February 7, 2004
Issue 14 
 Back to the Newsletter

RESPECT Offers Knowledge For Donation

by Ian Foster

RESPECT International is offering to donate a set of four reference books to a refugee community in exchange for your donation of $20 US.

The four books, published by Youth Advocate Program International, cover the topics of 'Stateless Children', 'Discrimination Against the Girl Child', 'Children and the HIV/AIDS Crisis', and 'Child Soldiers'.

Youth Advocate Program International (YAPI) was founded in 1994 as a non-profit organisation in the US; and opened its Washington, D.C. office two years later.

Priorities of YAPI include 'advocacy, education and youth participation', and offering assistance - both inter-governmental and non-governmental - to partner organisations world wide with 'issue campaigns, advocacy efforts, and as an information resource targeting urgent and emerging issues and child rights issues' www.yapi.org/about.htm.

YAPI involves national and international policy-makers, students, the public, and teachers, coordinating their activities with 'numerous non-governmental advocacy, service, and other youth-serving organisations'.

The organisation seeks to increase knowledge in the public arena in areas such as the use of child soldiers, child labor, juvenile justice, the rights of the child, and the commercial sexual exploitation of children.

The first book in the series offered, 'Stateless Children', reveals and pinpoints the 'vulnerability of millions' of today's children who have the misfortune of not being recognised as citizens belonging to any country.

The second book, 'Discrimination Against the Girl Child', is actually the sixth booklet in the full series of publications distributed by YAPI on an international level, and 'describes practices that rob girl children of control over their persons and, in some instances, rob them of their very lives'.

Cultural and practical motivations lying at the roots of female infanticide, honor killing, and female genital cutting, are explored.

Supporting this indictment of outdated and often cruel practices is an examination of methods being used to combat such abuses of a child's human rights.

'Children and the HIV/AIDS Crisis' is the third publication offered, and examines the ramifications of the fact that younger persons actually represent the highest rate of new HIV infections on an international level.

Such children are often abandoned or orphaned due to their nearest relatives dying of the deadly plague, and this publication attempts to provide 'a valuable overview of a subject' we can no longer afford to ignore.

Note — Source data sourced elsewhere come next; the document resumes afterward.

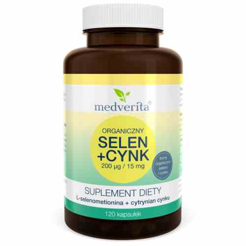 Suplement diety Medverita Selen + Cynk 120 kapsułek to produkt zawierający selen w postaci L-selenometioniny z drożdży, cynk w formie cytrynianu cynku oraz inulinę z korzenia cykorii w wygodnej formie kapsułki.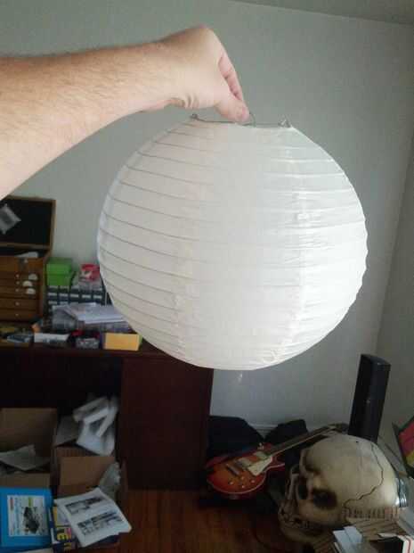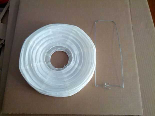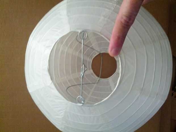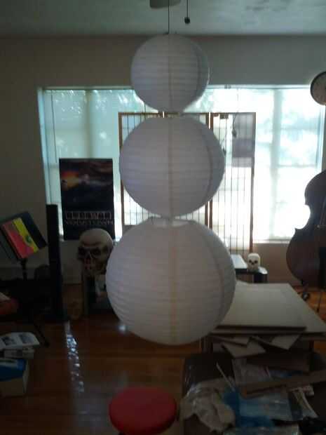 Use 3 farolillos de diferentes tamaños.  Ponerlos juntos para convertirlos en grandes bolas de nieve falsas.  Conecte uno encima del otro con los más grandes en la parte inferior y colgarlos en algún lugar.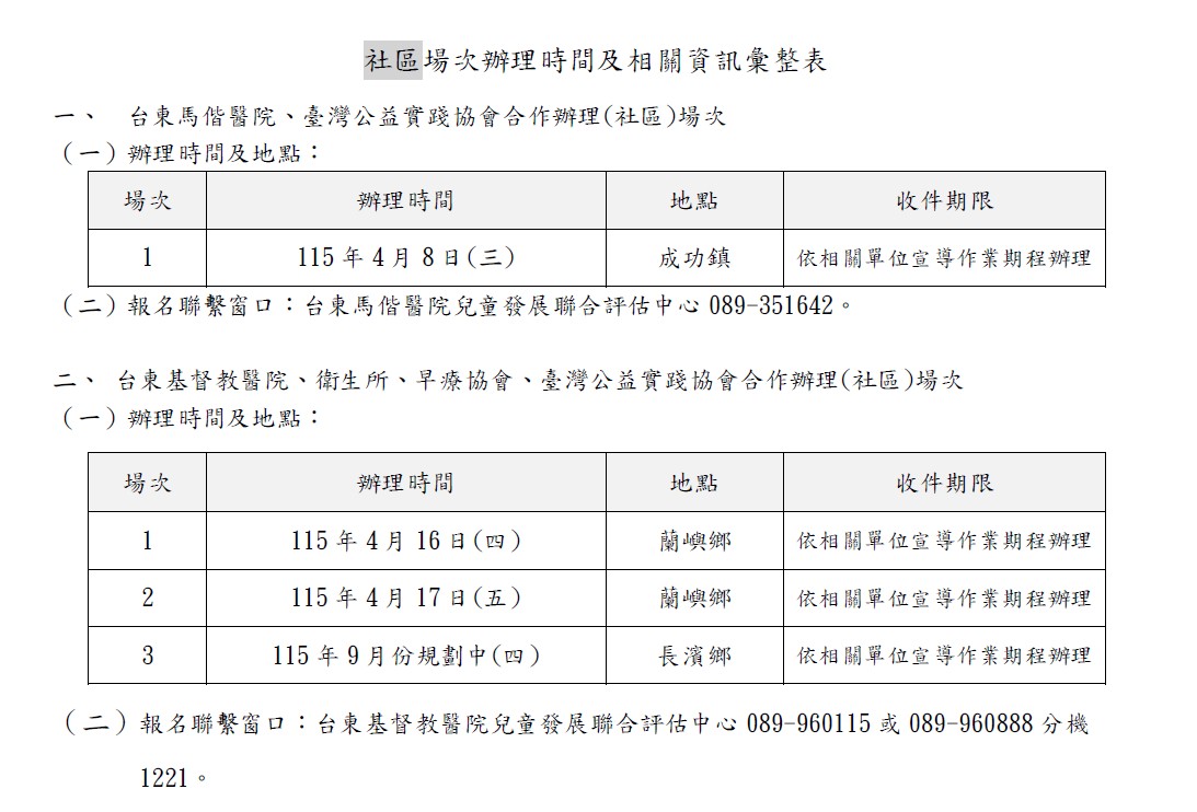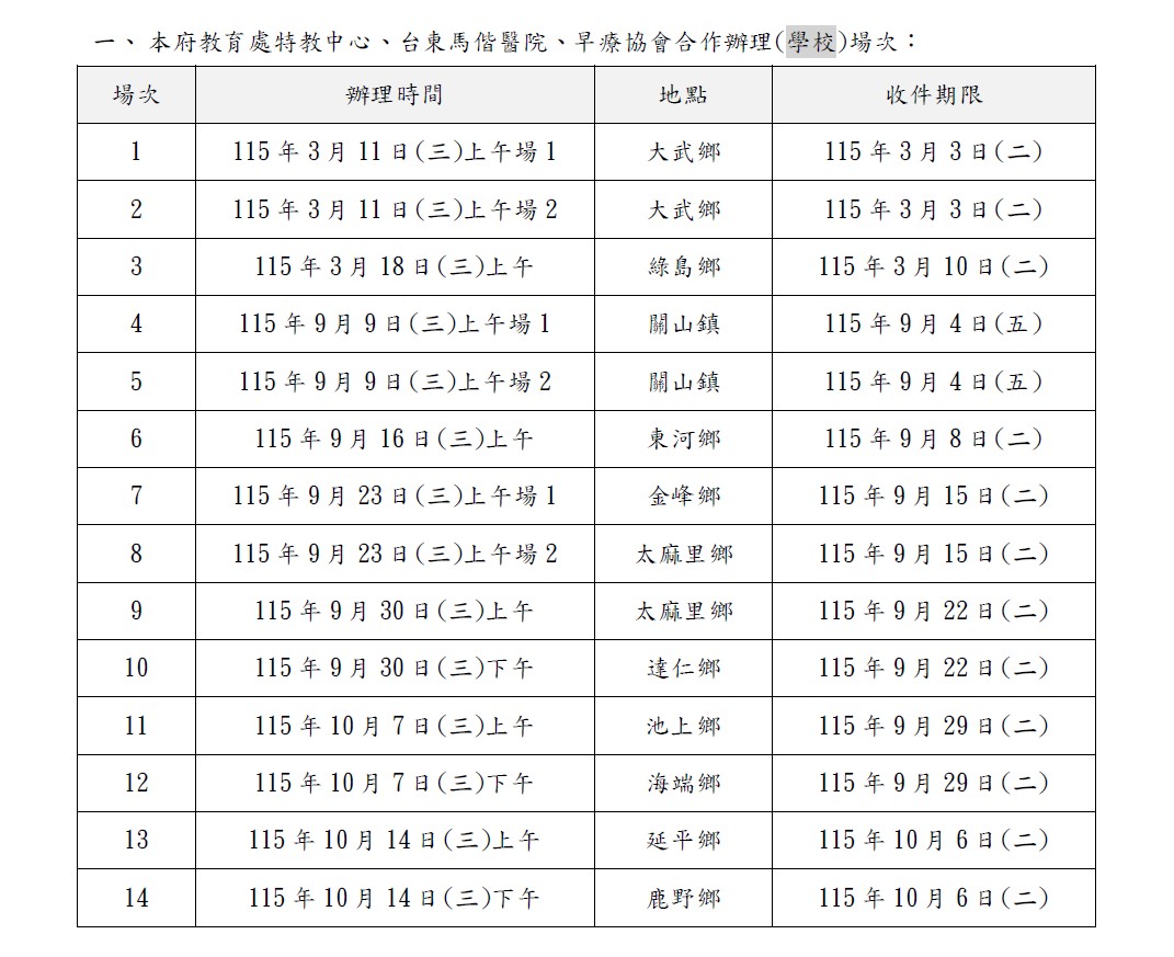【轉知】臺東縣115年度學前外展式兒童發展聯合評估,請欲申請個案留意各場次收件期限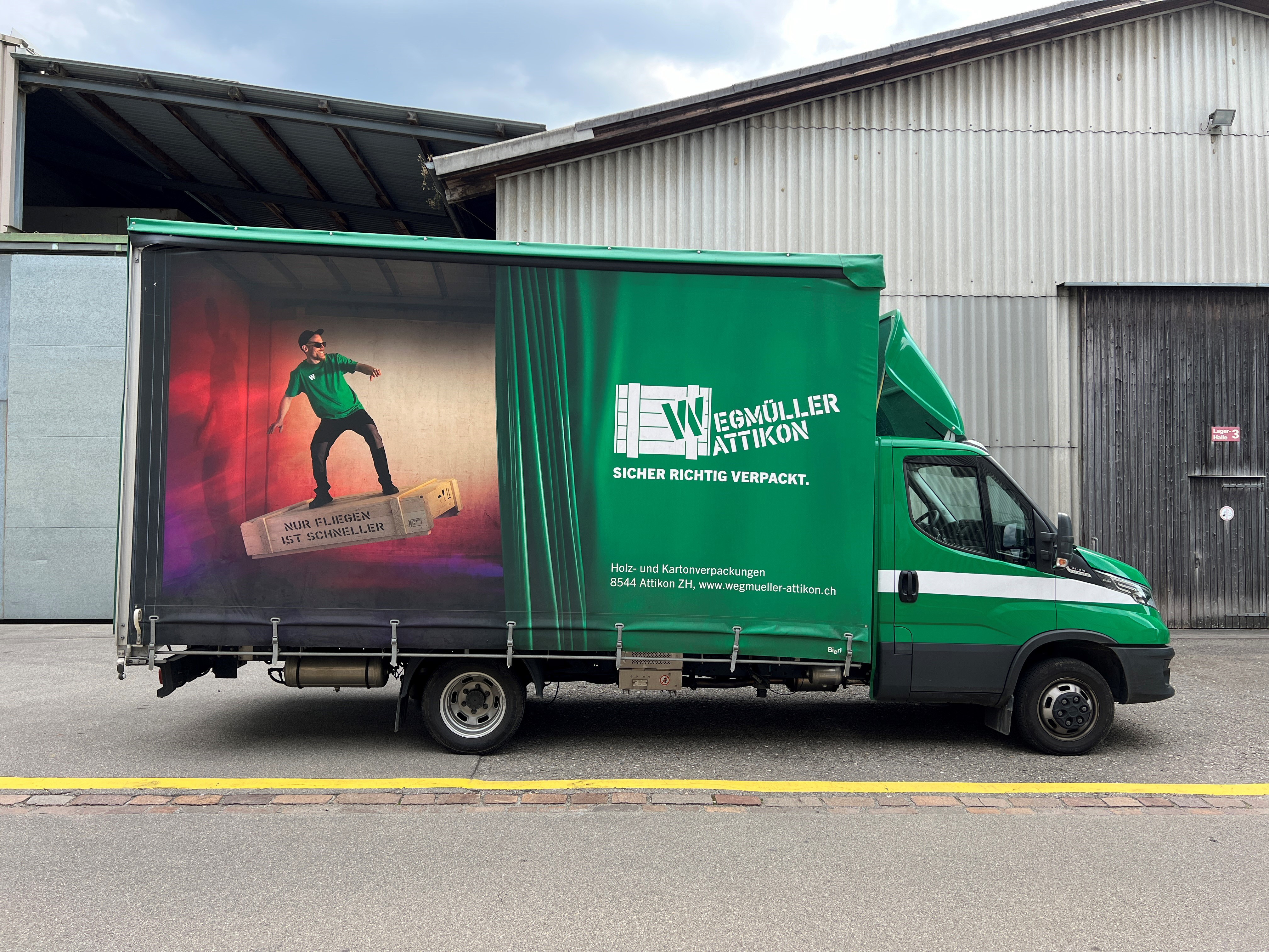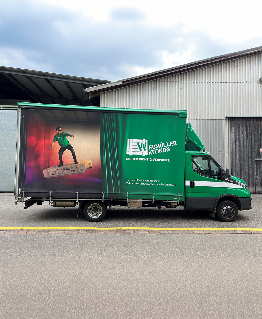 Diesen kreativen, herausfordernden und wunderschönen Auftrag durfte ich vom Ideen-Brainstorming, über das Fotoshooting mit Nebelmaschine und fliegender Kiste, bis zum fertigen Layout der zwei neuen Lastwagenblachen realisieren. Ein tolles Projekt mit einem tollen Team! Danke an alle Beteiligten, die das Projekt «zum Fliegen» gebracht haben.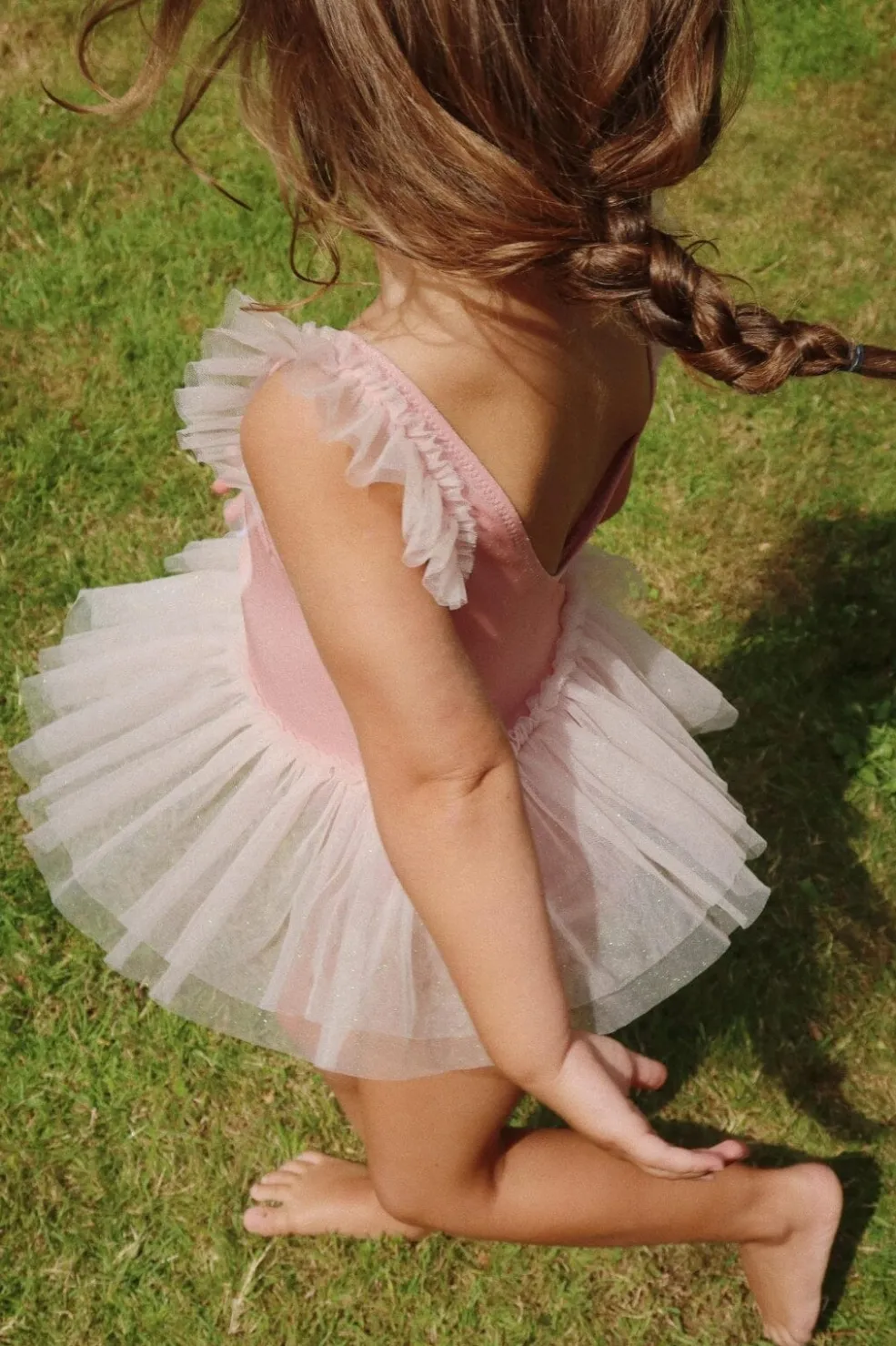 Tylskørtet og de rynkede detaljer skaber en balletinspireret silhuet. De bløde stropper sidder behageligt på skuldrene under vandleg.

Perhaps the most terrible and inhuman problem facing several thousands of today's children is their use in wars as 'soldiers' - human weapons of war who are all too often barely able to carry the weapons they have been hastily 'trained' to use in the taking of the lives of others.

It is estimated that some quarter of a million children are involved in combat, not by accident, but deliberately.

These children, denied the right to grow and learn as children in other, less violent, areas of the world, often are not even aware of the reason for the 'uniform', the weapon, the hatred that is fostered in them by adult combatants.

'Child Soldiers', like its three partners in this offer, should be read, absorbed, and discussed in depth by every caring and concerned adult, especially those who have children of their own in a vulnerable situation that could conceivably see their names appearing on lengthening lists of the child-victims discussed within each publication.

It is highly recommended that all concerned persons should donate to RESPECT International today, and receive in return the key to doorways behind which lie horrors unimaginable to those of us far removed from the plight of these innocent young lives.